Sunday I sanded it and put on another layer of joint compound, and took the rest of day off to do stuff like go mountain biking, have one last barbecue and play legos with my kids. Last night it was time to paint over the patch. The paint matched perfectly cuz we brought a piece of the old ceiling to the hardware store and they matched it with a machine. Amazing what they can do lasers or spectrographs or whatever they use these day. While I was at it, there was a spot in the hall I thought I’d touch up. It was then I realized that the ceiling of the laundry room is the same color as its walls, not the rest of the ceilings. Everything in our house is shades of white and off-white, you understand, except the ones that are bluescreen blue. The bad news is we’re gonna need to paint the ceiling of our bathroom after we do the tiles in there, and it would’ve been good to have a match on that paint.

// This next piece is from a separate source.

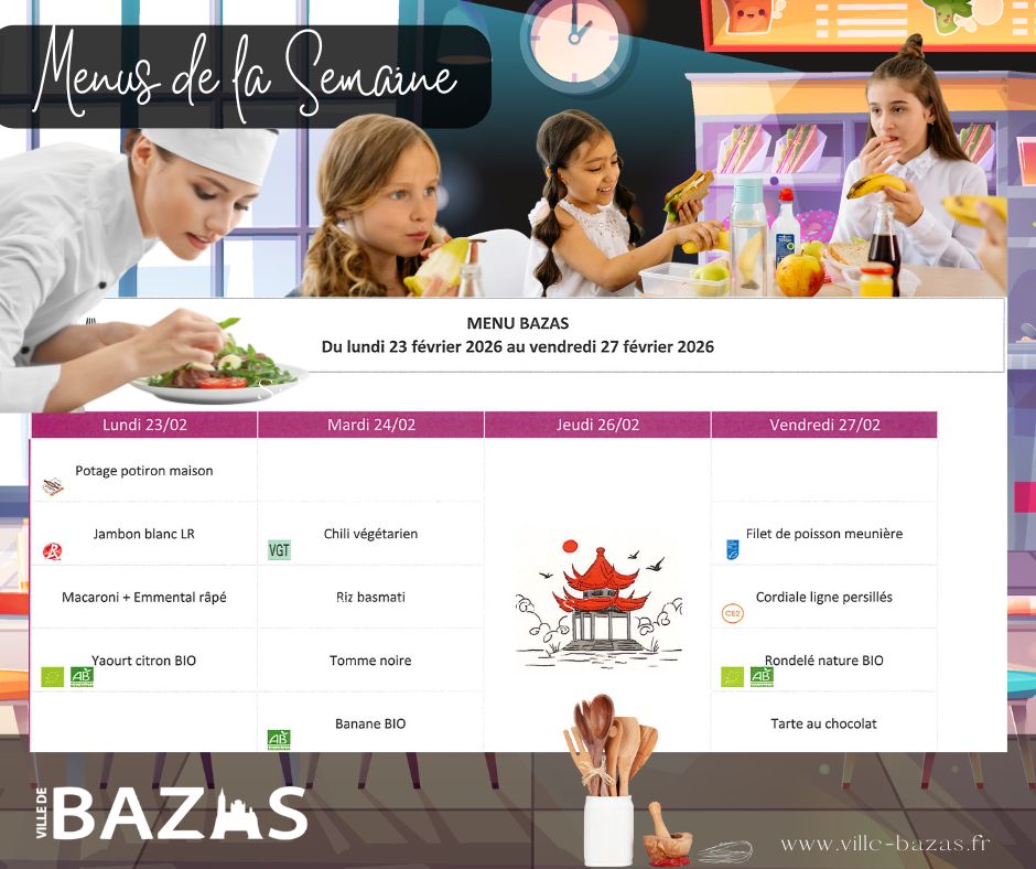 La Ville de Bazas vous informe des menus servis à l’école maternelle et élémentaire.

The good news is that it’s the same color as our family room, so I suddenly was able to touch up the spot where there was water damage from a crazy thunderstorm once, and where the futon crashed into the wall as someone was opening up into a bed once, and the place where my nieces drew on the wall once, and so on. One thing kind of led to another and I ended up doing a substantial amount of touch up, a random task that’s been on my todo list for a long time. Finished that up tonight and am enjoying a well-earned beer. Next up: lego cruise ships!